Manipulate the datasets: We want to move some rows of data into the our other Spark Datasets

In [None]:
flow.datasets.cache_data("Sep", "Field")
condition = lambda df : df.where(df.Qliq <= 50)
flow.datasets.append_rows("Field", condition, "Sep")
flow.datasets.date_range("OrigSep_2018", "2018-06-01", "2020-01-01")
flow.datasets.date_range("OrigField_2018", "2018-06-01", "2020-01-01")

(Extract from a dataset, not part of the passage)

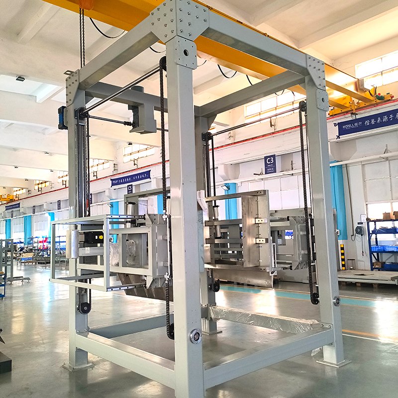 引領先鋒,自動化新時代 HFDZ-1000全自動噸包疊包機,如同一位技藝精湛的舞者,以其優雅的動作,精準地完成每一次噸袋的疊包作業。它的自動化程度之高,不僅提升了生產效率,更為操作人員減輕了勞動強度,讓生產線上的每一分鐘都充滿了智慧的光芒。 多面手藝,適應廣泛 無論是礦產的堅硬,還是新能源材料的細膩,亦或是糧食的飽滿,HFDZ-1000都能輕松應對。它的應用范圍廣泛,從礦產到新能源材料,從工建材到糧食飼料,無一不展現出它強大的適應能力和卓越的工作性能。
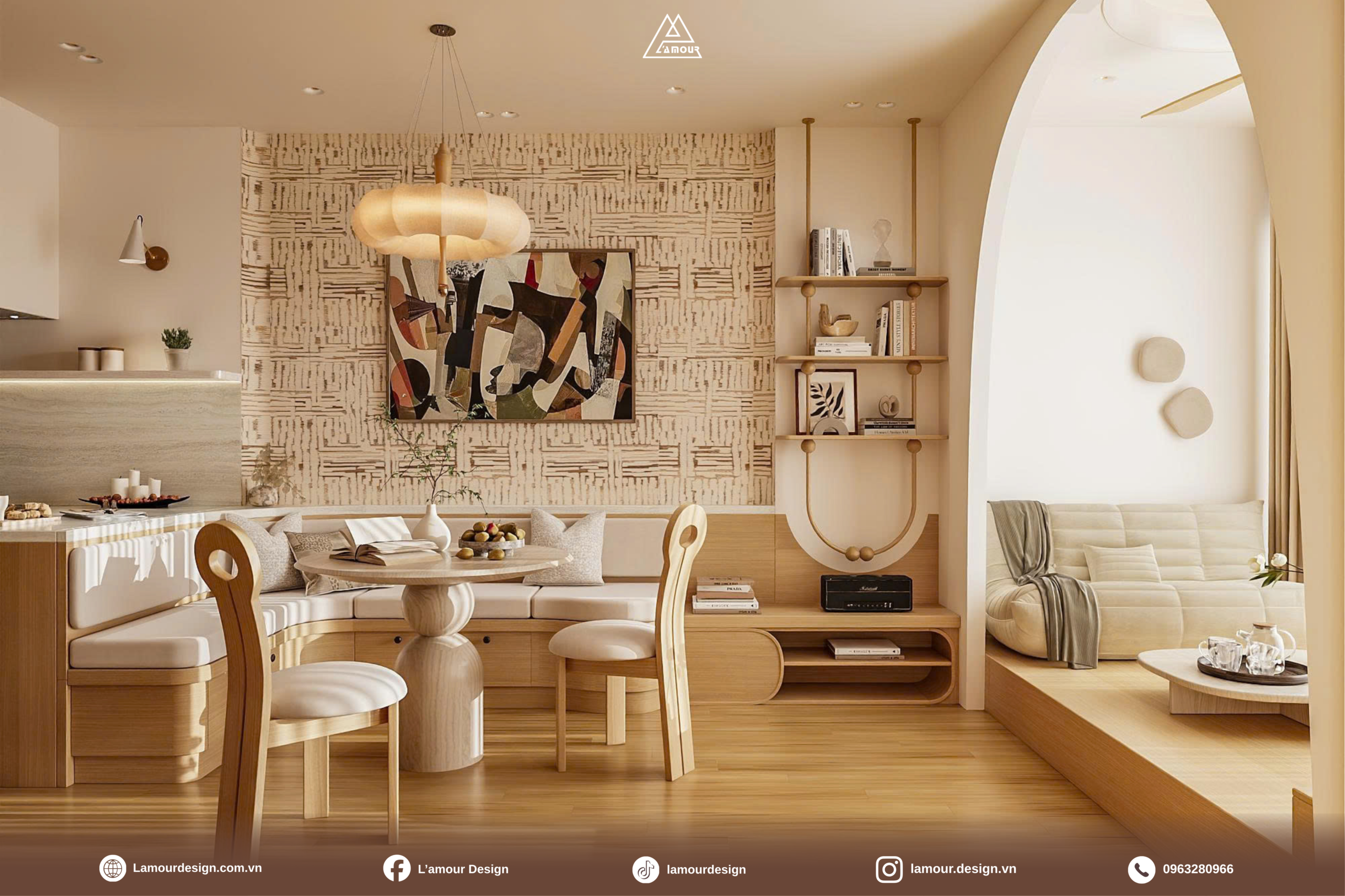 Khu vực ăn uống được xử lý cực kỳ khéo léo để không chiếm quá nhiều diện tích mà vẫn đủ sức hút. Thay vì sử dụng những chiếc ghế rời chiếm nhiều diện tích giao thông, L’amour Design lựa chọn hệ ghế băng dài áp tường uốn cong theo góc nhà kết hợp cùng bàn tròn gỗ mộc. Giải pháp này không chỉ tối ưu hóa mặt sàn mà còn tạo ra một góc ăn uống ấm cúng.

condition = lambda df : df.where(df.Qliq <= 50)
flow.datasets.append_rows("Field_2018", condition, "Sep_2018")
flow.datasets.date_range("Sep_2018", "2018-06-01", "2020-01-01")
flow.datasets.date_range("Field_2018", "2018-06-01", "2020-01-01")

Make our dataset objects!

In [None]:
# convert spark dataframes to pandas dataset
flow.datasets.make_dataset("Sep", label="Qliq", pandas=True)
flow.datasets.make_dataset("Field", label="Qliq", pandas=True)
flow.datasets.make_dataset("Sep_2018", label="Qliq", pandas=True)
flow.datasets.make_dataset("Field_2018", label="Qliq", pandas=True)
flow.datasets.make_dataset("OrigSep", label="Qliq", pandas=True)
flow.datasets.make_dataset("OrigField", label="Qliq", pandas=True)
flow.datasets.make_dataset("OrigSep_2018", label="Qliq", pandas=True)
flow.datasets.make_dataset("OrigField_2018", label="Qliq", pandas=True)

flow.next_phase()

### 4. Apply a range of ML models to one of our datasets

In [None]:
datasets = flow.dataexplore.get_datasets()
eval_preds = flow.dataexplore.fitpredict_naivemodels(datasets["OrigSep_2018"], datasets["OrigField_2018"], eval_all=True)
flow.dataexplore.plotmodels(datasets["OrigSep_2018"], datasets["OrigField_2018"], eval_preds)